Problem to solve →
Output the first line below and each one after it, exactly, up to and including the line holding "Nillion 已与 Virtuals、NEAR、Aptos、Arbitrum、Ritual、io.net". Pictures should not be copied.

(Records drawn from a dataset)

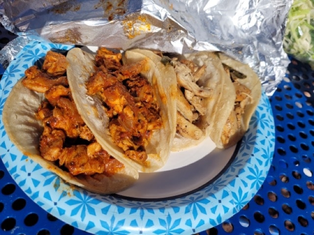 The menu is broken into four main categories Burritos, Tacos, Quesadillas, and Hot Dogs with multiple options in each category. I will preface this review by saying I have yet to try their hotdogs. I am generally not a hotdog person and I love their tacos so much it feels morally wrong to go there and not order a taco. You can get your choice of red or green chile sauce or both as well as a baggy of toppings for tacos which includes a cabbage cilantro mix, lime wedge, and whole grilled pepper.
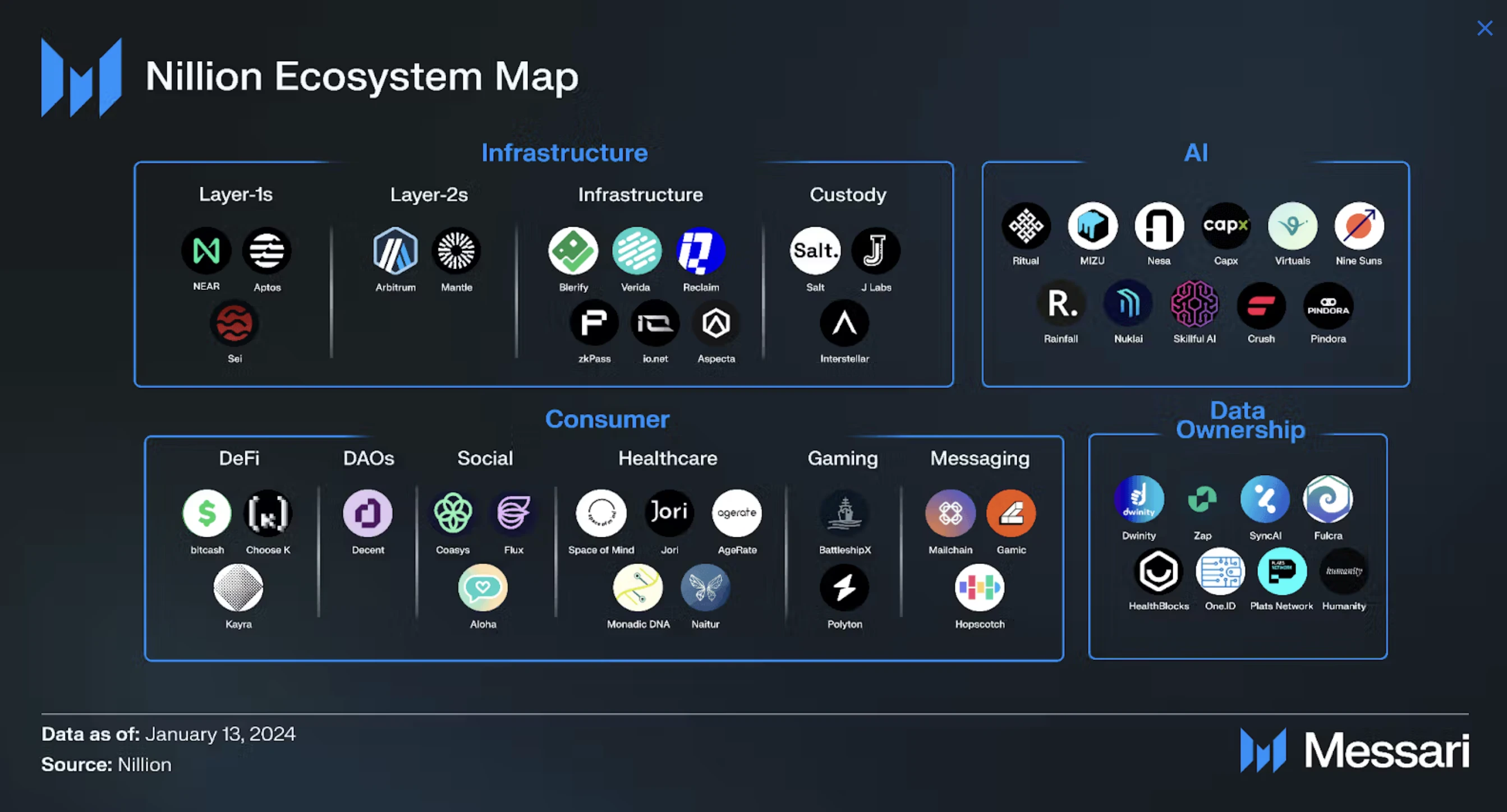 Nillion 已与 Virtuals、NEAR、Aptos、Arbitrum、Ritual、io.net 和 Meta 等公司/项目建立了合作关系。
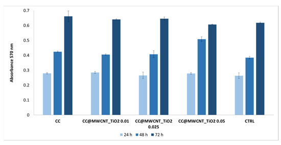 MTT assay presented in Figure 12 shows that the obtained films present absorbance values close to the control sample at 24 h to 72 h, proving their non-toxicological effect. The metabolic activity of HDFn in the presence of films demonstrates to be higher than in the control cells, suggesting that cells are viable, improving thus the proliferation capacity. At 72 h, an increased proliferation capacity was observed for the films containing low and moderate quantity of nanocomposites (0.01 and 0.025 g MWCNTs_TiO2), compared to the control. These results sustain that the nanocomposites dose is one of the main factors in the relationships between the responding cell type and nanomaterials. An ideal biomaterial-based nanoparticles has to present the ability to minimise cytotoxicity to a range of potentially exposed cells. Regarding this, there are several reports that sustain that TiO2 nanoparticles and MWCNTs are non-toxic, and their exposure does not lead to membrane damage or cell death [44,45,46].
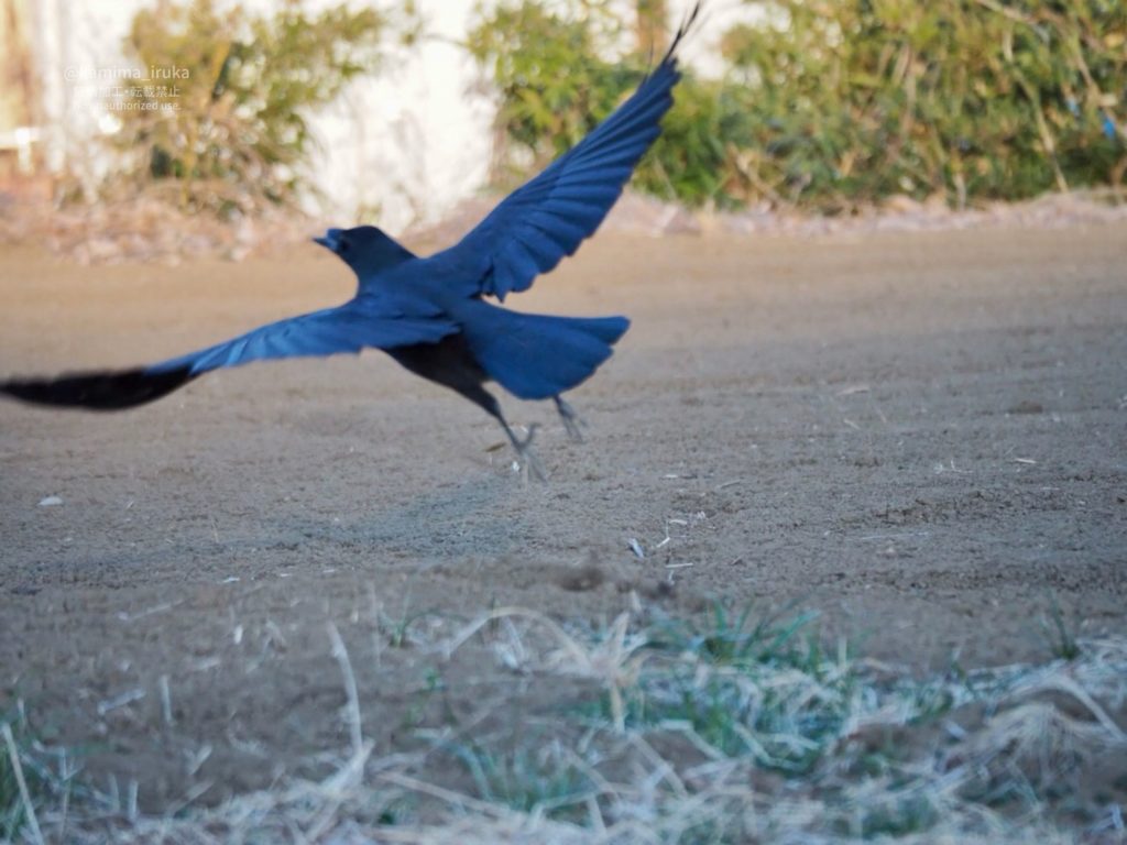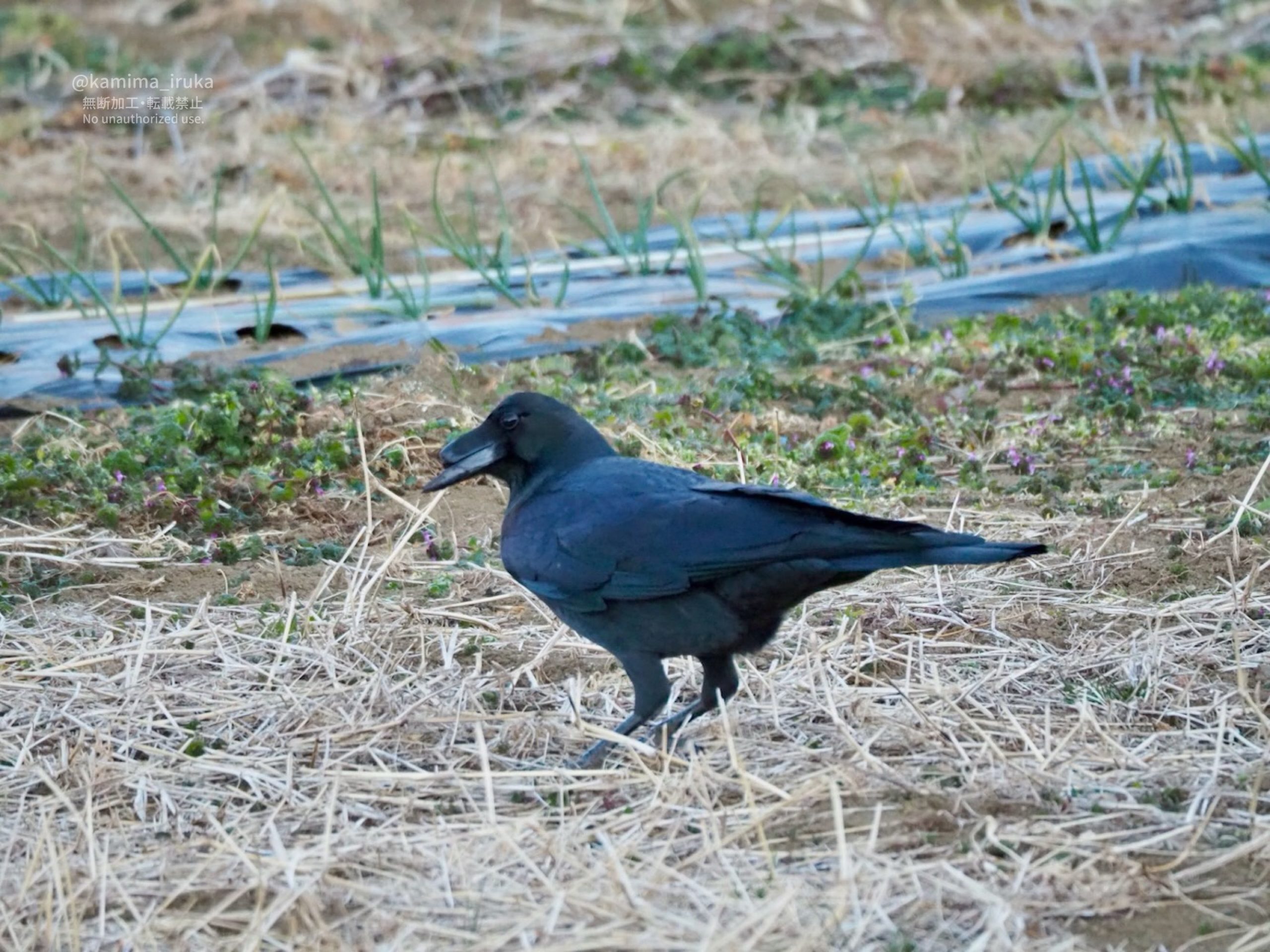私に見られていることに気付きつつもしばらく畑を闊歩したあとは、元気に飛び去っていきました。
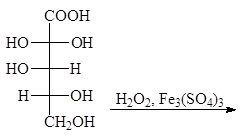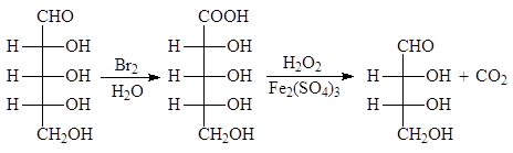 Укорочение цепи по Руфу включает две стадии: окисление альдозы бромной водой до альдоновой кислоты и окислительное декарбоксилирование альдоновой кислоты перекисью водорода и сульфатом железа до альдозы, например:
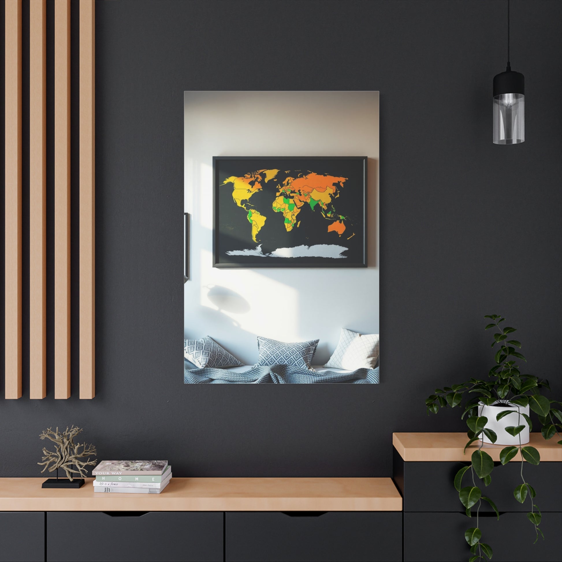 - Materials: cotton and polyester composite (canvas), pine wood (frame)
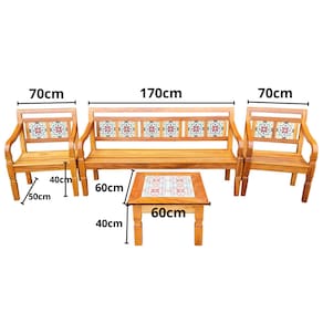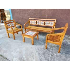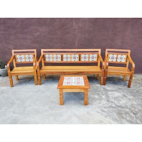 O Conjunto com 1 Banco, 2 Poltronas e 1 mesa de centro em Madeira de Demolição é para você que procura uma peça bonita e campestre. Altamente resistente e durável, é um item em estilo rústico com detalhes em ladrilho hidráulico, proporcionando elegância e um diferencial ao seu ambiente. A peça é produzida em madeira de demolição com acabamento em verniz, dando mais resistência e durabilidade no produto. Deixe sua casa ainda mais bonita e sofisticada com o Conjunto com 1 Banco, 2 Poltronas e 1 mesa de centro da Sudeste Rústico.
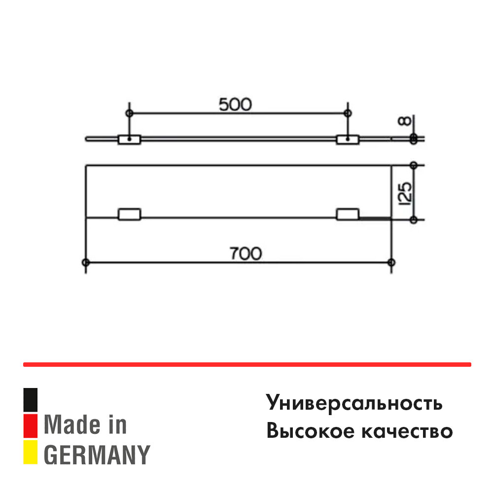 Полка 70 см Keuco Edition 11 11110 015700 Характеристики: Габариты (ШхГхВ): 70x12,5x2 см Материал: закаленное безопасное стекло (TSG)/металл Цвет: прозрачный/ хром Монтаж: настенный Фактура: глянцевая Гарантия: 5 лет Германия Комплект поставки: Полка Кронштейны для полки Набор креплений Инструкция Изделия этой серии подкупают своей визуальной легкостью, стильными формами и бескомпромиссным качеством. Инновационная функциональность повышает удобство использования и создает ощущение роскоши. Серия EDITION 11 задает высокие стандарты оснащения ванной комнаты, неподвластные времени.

Reply →
 The menu is broken into four main categories Burritos, Tacos, Quesadillas, and Hot Dogs with multiple options in each category. I will preface this review by saying I have yet to try their hotdogs. I am generally not a hotdog person and I love their tacos so much it feels morally wrong to go there and not order a taco. You can get your choice of red or green chile sauce or both as well as a baggy of toppings for tacos which includes a cabbage cilantro mix, lime wedge, and whole grilled pepper.
 Nillion 已与 Virtuals、NEAR、Aptos、Arbitrum、Ritual、io.net 和 Meta 等公司/项目建立了合作关系。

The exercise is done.